The Romanian Prime Minister announced and explained the decision that the Government will implement starting next week, and that is to continue to implement an economic model that the Government targeted in its two-year term related to economic growth and creating new jobs.
“We have made the absolutely necessary social repairs, restituting cut salaries and pensions, lowering unemployment by creating jobs, raising the minimum wage, opening hospitals, schools, and providing a bigger budget for education and health, "he said.

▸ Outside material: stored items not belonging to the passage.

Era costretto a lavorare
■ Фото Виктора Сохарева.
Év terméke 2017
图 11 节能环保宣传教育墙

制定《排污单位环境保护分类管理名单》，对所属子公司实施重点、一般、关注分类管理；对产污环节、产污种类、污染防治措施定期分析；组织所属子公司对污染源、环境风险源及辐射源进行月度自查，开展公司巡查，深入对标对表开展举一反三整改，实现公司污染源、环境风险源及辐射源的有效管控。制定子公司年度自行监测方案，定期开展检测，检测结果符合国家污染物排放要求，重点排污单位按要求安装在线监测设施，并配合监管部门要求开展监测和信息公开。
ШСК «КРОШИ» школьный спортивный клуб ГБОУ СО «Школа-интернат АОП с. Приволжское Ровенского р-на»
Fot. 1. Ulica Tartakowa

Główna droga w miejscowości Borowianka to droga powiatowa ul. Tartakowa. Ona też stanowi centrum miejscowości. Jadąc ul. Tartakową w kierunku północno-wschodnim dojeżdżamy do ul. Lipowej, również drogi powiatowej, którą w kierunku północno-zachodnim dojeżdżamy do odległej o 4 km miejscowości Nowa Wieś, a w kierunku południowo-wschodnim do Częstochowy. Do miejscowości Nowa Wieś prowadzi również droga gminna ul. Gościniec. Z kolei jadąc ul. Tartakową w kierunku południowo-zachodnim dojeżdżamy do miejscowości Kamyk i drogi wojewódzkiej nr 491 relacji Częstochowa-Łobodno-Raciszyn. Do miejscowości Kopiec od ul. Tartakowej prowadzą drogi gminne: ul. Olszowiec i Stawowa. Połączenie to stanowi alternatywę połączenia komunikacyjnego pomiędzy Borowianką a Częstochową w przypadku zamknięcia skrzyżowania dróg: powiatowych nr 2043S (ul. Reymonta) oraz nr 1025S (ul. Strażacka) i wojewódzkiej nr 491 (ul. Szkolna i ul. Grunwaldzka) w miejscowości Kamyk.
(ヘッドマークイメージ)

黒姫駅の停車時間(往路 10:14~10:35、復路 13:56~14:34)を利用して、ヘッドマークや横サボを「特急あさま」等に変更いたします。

"We have also had as priority a more sustainable economic growth and we succeeded in 2013 and in early 2014 to register the highest growth in the European Union, to unlock all EU funded programs to observe the deficit targets established by the Government in partnership with the international financial institutions, to provide facilities for SMEs, larger subsidies for agriculture and state aid scheme for new investment and jobs. "
Following talks with the IMF, Prime Minister Victor Ponta announced the lowering of the social insurance contributions by five percentage points from October 1, with a budget of 850 million impact without increasing the budget deficit.

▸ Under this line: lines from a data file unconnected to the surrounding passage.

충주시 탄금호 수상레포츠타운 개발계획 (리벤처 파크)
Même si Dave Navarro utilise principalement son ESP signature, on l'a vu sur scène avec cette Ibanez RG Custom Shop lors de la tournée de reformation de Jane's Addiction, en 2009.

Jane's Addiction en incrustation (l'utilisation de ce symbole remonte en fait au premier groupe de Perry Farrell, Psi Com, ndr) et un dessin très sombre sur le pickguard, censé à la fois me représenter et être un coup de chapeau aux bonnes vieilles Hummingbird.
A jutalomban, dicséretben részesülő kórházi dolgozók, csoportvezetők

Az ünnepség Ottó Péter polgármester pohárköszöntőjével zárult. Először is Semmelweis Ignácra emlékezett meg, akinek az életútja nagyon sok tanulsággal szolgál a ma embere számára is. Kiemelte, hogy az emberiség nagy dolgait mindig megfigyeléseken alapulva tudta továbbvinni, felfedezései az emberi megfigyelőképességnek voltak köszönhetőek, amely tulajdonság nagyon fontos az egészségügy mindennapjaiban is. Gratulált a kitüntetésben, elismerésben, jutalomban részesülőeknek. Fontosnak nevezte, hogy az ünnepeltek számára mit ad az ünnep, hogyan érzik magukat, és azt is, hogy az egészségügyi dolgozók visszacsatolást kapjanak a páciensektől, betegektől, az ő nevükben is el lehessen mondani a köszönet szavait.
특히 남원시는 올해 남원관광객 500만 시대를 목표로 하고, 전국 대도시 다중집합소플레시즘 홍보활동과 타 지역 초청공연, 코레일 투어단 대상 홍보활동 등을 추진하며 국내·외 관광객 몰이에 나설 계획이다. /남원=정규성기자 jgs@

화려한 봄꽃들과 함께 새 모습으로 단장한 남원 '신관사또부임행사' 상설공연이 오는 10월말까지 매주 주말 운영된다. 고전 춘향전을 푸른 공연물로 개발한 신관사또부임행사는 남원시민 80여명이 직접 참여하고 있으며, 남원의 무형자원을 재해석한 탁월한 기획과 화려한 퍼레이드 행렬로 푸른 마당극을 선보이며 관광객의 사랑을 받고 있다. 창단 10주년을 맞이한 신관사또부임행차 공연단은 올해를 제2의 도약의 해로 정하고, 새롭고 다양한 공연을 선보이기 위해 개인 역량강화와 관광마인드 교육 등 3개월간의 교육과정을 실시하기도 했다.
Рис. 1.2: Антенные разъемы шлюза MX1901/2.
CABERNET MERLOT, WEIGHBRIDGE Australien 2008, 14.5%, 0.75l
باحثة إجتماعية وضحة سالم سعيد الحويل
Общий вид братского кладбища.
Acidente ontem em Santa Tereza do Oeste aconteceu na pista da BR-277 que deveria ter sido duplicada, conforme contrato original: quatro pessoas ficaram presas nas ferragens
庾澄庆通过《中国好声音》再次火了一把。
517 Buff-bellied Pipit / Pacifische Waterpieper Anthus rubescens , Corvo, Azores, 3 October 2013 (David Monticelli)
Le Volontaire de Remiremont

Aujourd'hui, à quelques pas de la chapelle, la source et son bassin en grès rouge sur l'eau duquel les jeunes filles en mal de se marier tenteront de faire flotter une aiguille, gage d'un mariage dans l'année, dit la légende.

He said that the measure will be introduced through a bill that the government will send next week to Parliament and it is a decision that the Government assumes.
Asked whether the reduction of CAS in October met with the IMF agreement, the Prime Minister said that there is no agreement nor disagreement because the Fund only requires compliance with macroeconomic targets, and when salaries and pensions were cut there was no agreement of the Fund.
“The Agreement with the IMF remains in force, it is not interrupted, terminated or canceled ", Ponta said.
Victor Ponta assured that the impact of the CAS reduction in October will be covered only from the revenues to the budget.
Official sources told Mediafax earlier that the Government and the International Monetary Fund have reached an agreement to reduce CAS by five percentage points from July 1.